Sin duda que surgen sombras en el horizonte. Desde muchos años atrás ha emergido China como un líder mundial, amenazando el poderío del imperio y los grandes capitales internacionales. Y pretendiendo demostrarlo, además. Los acuerdos y/o futuros tratados con Brasil, Uruguay, Chile, Ecuador; acuerdos comerciales, financieros, tecnológicos, energéticos, con nuestra América lo demuestran. Y qué decir de los impresionantes proyectos del Canal Interoceánico en Nicaragua, compitiendo con el de Panamá, y el del tren interoceánico que atravesaría Brasil y Perú. Como se ve, los chinos no andan con chiquitas. Y no olvidemos lo que significa China para nuestros países como mercado recibiendo nuestras exportaciones. El mundo considera que China cuestiona el pensamiento único al que hacíamos referencia. Cabe la pregunta ¿no serán los mismos intereses en manos de otros dueños?

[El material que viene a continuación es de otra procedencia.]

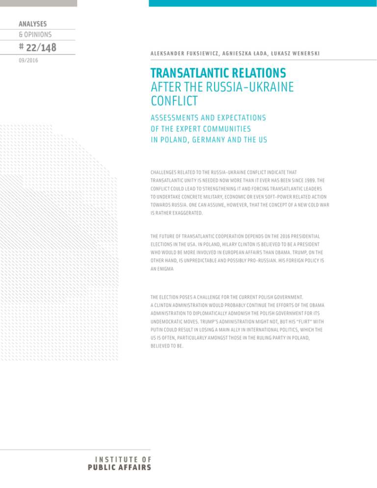 ANALYSES & OPINIONS # 22/148 ALEKSANDER FUKSIEWICZ, AGNIESZKA ŁADA, ŁUKASZ WENERSKI 09/2016 TRANSATLANTIC RELATIONS AFTER THE RUSSIA-UKRAINE CONFLICT ASSESSMENTS AND EXPECTATIONS OF THE EXPERT COMMUNITIES IN POLAND, GERMANY AND THE US CHALLENGES RELATED TO THE RUSSIA-UKRAINE CONFLICT INDICATE THAT TRANSATLANTIC UNITY IS NEEDED NOW MORE THAN IT EVER HAS BEEN SINCE 1989. THE CONFLICT COULD LEAD TO STRENGTHENING IT AND FORCING TRANSATLANTIC LEADERS TO UNDERTAKE CONCRETE MILITARY, ECONOMIC OR EVEN SOFT-POWER RELATED ACTION TOWARDS RUSSIA. ONE CAN ASSUME, HOWEVER, THAT THE CONCEPT OF A NEW COLD WAR IS RATHER EXAGGERATED. THE FUTURE OF TRANSATLANTIC COOPERATION DEPENDS ON THE 2016 PRESIDENTIAL ELECTIONS IN THE USA. IN POLAND, HILARY CLINTON IS BELIEVED TO BE A PRESIDENT WHO WOULD BE MORE INVOLVED IN EUROPEAN AFFAIRS THAN OBAMA. TRUMP, ON THE OTHER HAND, IS UNPREDICTABLE AND POSSIBLY PRO-RUSSIAN. HIS FOREIGN POLICY IS AN ENIGMA THE ELECTION POSES A CHALLENGE FOR THE CURRENT POLISH GOVERNMENT. A CLINTON ADMINISTRATION WOULD PROBABLY CONTINUE THE EFFORTS OF THE OBAMA ADMINISTRATION TO DIPLOMATICALLY ADMONISH THE POLISH GOVERNMENT FOR ITS UNDEMOCRATIC MOVES. TRUMP’S ADMINISTRATION MIGHT NOT, BUT HIS “FLIRT” WITH PUTIN COULD RESULT IN LOSING A MAIN ALLY IN INTERNATIONAL POLITICS, WHICH THE US IS OFTEN, PARTICULARLY AMONGST THOSE IN THE RULING PARTY IN POLAND, BELIEVED TO BE. ALEKSANDER FUKSIEWICZ, AGNIESZKA ŁADA, ŁUKASZ WENERSKI TRANSATLANTIC RELATIONS AFTER THE RUSSIA-UKRAINE CONFLICT ASSESSMENTS AND EXPECTATIONS OF THE EXPERT COMMUNITIES IN POLAND, GERMANY AND THE US Serious and deep cracks in the transatlantic community appeared in the first decade of the twenty-first century, when Western Europe, its people and elites, strongly opposed the US military intervention in Iraq. Poland and other Central European countries supported this intervention both politically and militarily, which led not only to profound differences and animosity between the US and Europe, but also to a division into “old” and “new” Europe. The failure of the US intervention in Iraq had serious and permanent consequences for the transatlantic community. In Germany, but also in Poland, there was disappointment in their cooperation with the United States. Moreover, the administration of President Obama, who had taken office on a wave of criticism of the domestic and international policies of Bush, made the famous “pivot to Asia” at the expense of transatlantic relations and involvement in European affairs. This era of transatlantic “quiet” is now over due to internal and external changes in the policy of Russia, with its significant authoritarian retreat from democracy and its military aggression towards Ukraine. The feeling of insecurity in the Western world has led some commentators and political analysts to the thesis of a “new Cold War,” discussed in Poland, Germany and the United States. This analogy, also vigorously challenged by some experts, has brought to the agenda the question of how the new Russian policy, specifically as it regards the Russia-Ukraine conflict, will impact transatlantic cooperation. Will it become a catalyst for the re-strengthening of political, economic and military cooperation, or on the contrary, will it consolidate the existing divisions between America and Europe and within Europe itself?1. Challenges related to the Russia-Ukraine conflict indicate that transatlantic unity is needed now more than it ever has been since 1989. The conflict could lead to strengthening it and forcing transatlantic leaders to undertake concrete military, economic or even soft-power related action towards Russia. One can assume, however, that the concept of a new Cold War is rather exaggerated. There are still many areas of dialogue with Russia, and today’s confrontation is also not comparable to that of the Cold War. We live in a multipolar world. Russia is no longer a military superpower compared to the times of the USSR, 1 This was to become one of the key questions of research undertaken by the Institute of Public Affairs. This paper is a summary of the report resulting from that research. In-depth interviews were conducted in Poland, Germany and the US during February-May 2016 based on a questionnaire, and to widen the analysis, expert opinions were confronted with those of leading opinion-forming media in Poland and Germany. See: Wpływ konfliktu rosyjsko-ukraińskiego na stosunki transatlantyckie. Perspektywa Polski, Niemiec i USA [The impact of the Russia-Ukraine conflict on transatlantic relations. Perspectives of Poland, Germany and the US], Warsaw 2016, Institute of Public Affairs. and for the US it is just one of many elements on the global agenda. The current conflict with Russia also lacks the ideological clout that was crucial during the Cold War. Another difference is that having lost its “military superpower” status, Russia’s code of conduct is different than during the Cold War – the Kremlin is less dangerous but more unpredictable. Some experts in the US, however, are still considering whether the current global situation may be a pre-condition of a “cold war 2.0”, with empires competing with each other, but based on a different sociological, political and economic approach than during the Cold War. Transatlantic response to the RussiaUkraine conflict law with its annexation of Crimea, and so in this matter the responsibility lies clearly on its side. Putin is not seen as a reliable partner. German experts close to the Social Democrats are the only ones to point out mistakes made by the European Union, for instance, not consulting the Ukraine Association Agreement with Russia sufficiently early. According to these opinions, Russia’s negative reaction could have been foreseen even though nobody could have expected military intervention. Russia’s policy towards Ukraine in early 2014 came as a huge surprise for the US administration and independent anal

Es este entorno surge el viaje de nuestro Presidente, que nos parece oportuno. Por todo lo que hemos escrito en esta breve nota y muchas cosas más, que resulta imposible expresarlas todas. Considérese que se trata de Cumbre Empresarial China-América Latina y el Caribe, y que la próxima se realizará en Uruguay. No es poca cosa ¿no?